Dataset extract ::
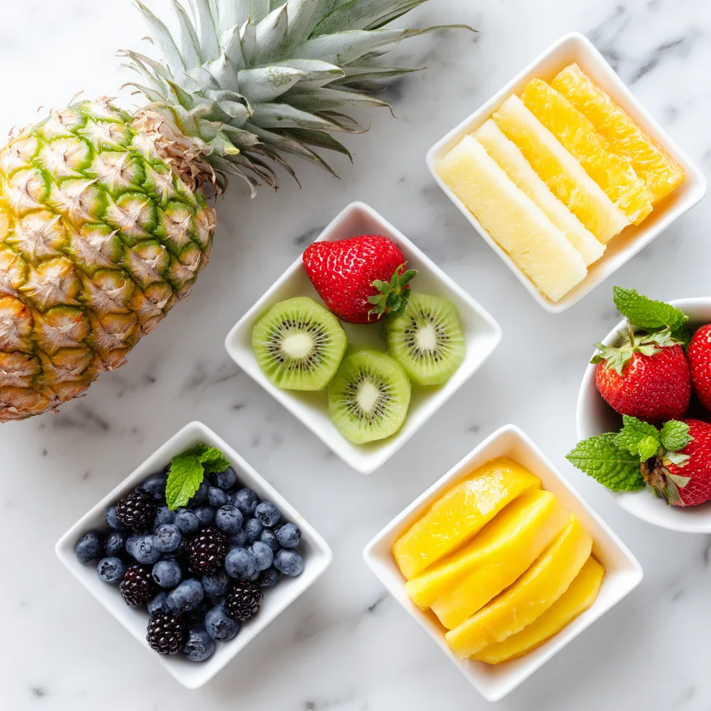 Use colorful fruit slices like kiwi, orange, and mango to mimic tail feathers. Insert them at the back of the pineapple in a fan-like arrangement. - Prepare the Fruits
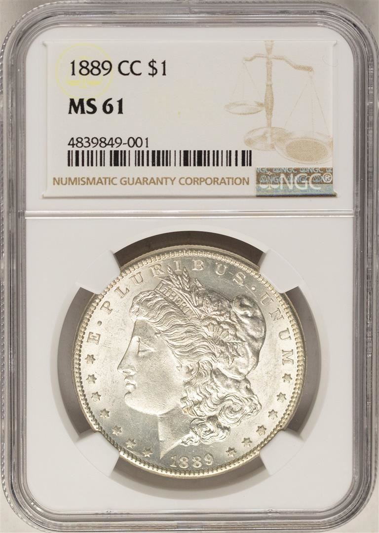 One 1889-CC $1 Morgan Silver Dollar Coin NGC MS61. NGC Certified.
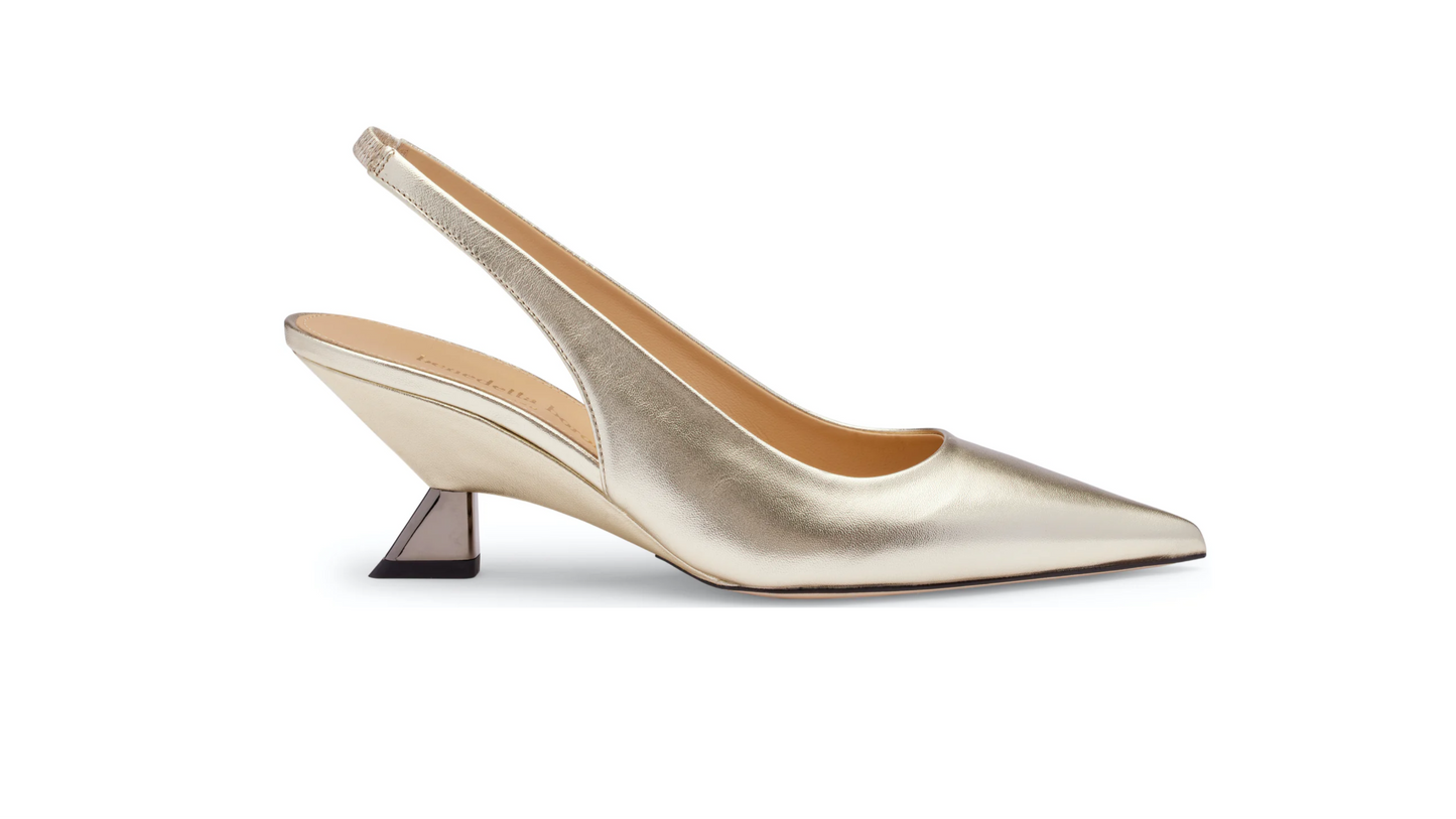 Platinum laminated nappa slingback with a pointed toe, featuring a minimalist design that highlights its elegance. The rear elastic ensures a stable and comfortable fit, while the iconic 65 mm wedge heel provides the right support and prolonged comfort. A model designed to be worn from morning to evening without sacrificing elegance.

Exercise brief :: Copy out the lines above in full and unaltered, apart from the pictures.

Expected answer ::
 Use colorful fruit slices like kiwi, orange, and mango to mimic tail feathers. Insert them at the back of the pineapple in a fan-like arrangement. - Prepare the Fruits
 One 1889-CC $1 Morgan Silver Dollar Coin NGC MS61. NGC Certified.
 Platinum laminated nappa slingback with a pointed toe, featuring a minimalist design that highlights its elegance. The rear elastic ensures a stable and comfortable fit, while the iconic 65 mm wedge heel provides the right support and prolonged comfort. A model designed to be worn from morning to evening without sacrificing elegance.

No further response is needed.